WORK INSTRUCTIONS
Only the lines below from the one with "The Mega Purple" through the one with "O Portátil HP" are to be written out, exactly and without any images.

[Opening DATA EXTRACT section]

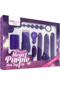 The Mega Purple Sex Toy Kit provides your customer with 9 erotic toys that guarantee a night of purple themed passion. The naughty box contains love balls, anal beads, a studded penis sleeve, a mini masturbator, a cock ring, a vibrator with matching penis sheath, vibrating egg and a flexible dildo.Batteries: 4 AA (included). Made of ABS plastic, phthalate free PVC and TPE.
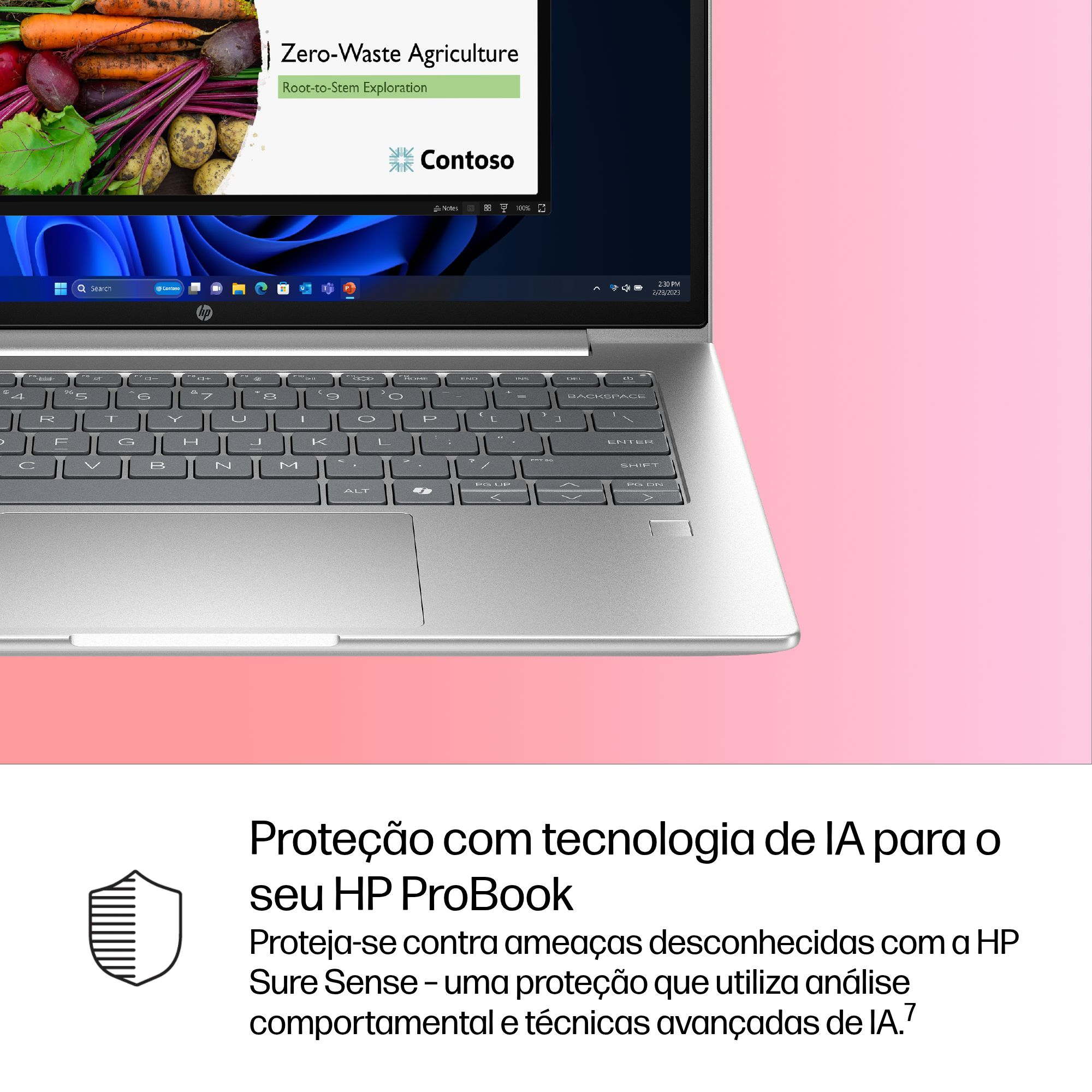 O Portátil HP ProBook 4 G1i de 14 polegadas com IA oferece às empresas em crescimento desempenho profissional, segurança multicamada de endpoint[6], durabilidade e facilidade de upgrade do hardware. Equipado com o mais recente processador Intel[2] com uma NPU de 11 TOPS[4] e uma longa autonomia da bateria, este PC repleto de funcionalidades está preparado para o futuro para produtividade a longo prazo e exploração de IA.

[Closing DATA EXTRACT section]
[Opening DATA EXTRACT section]

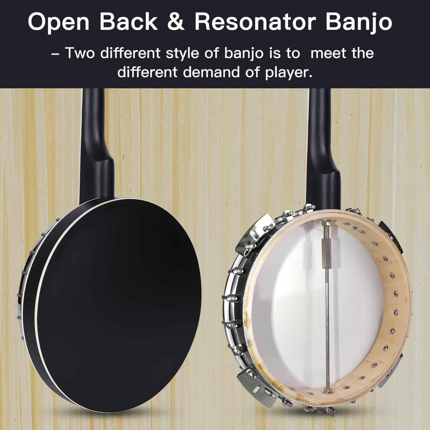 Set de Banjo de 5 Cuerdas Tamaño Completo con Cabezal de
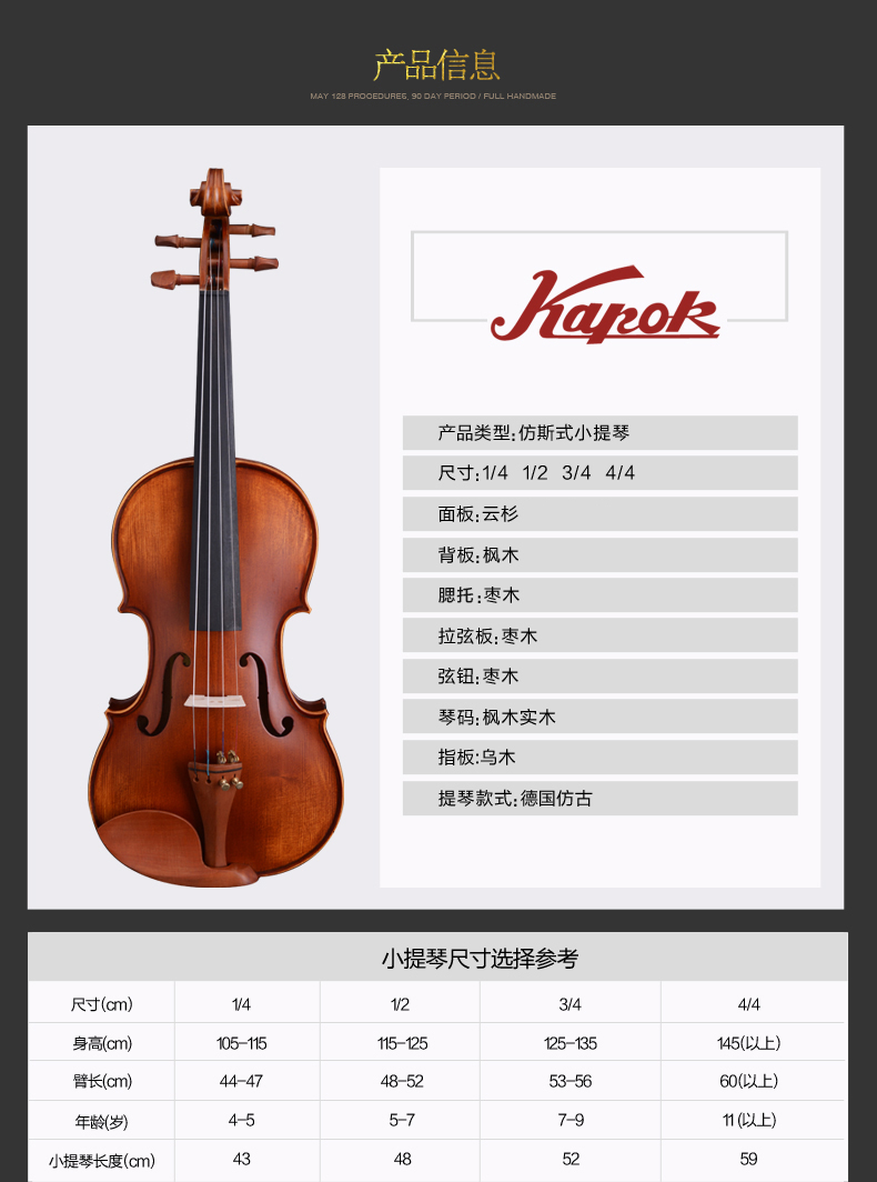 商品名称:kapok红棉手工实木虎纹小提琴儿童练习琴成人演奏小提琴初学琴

[Closing DATA EXTRACT section]

ANSWER FOR THE TASK
 The Mega Purple Sex Toy Kit provides your customer with 9 erotic toys that guarantee a night of purple themed passion. The naughty box contains love balls, anal beads, a studded penis sleeve, a mini masturbator, a cock ring, a vibrator with matching penis sheath, vibrating egg and a flexible dildo.Batteries: 4 AA (included). Made of ABS plastic, phthalate free PVC and TPE.
 O Portátil HP ProBook 4 G1i de 14 polegadas com IA oferece às empresas em crescimento desempenho profissional, segurança multicamada de endpoint[6], durabilidade e facilidade de upgrade do hardware. Equipado com o mais recente processador Intel[2] com uma NPU de 11 TOPS[4] e uma longa autonomia da bateria, este PC repleto de funcionalidades está preparado para o futuro para produtividade a longo prazo e exploração de IA.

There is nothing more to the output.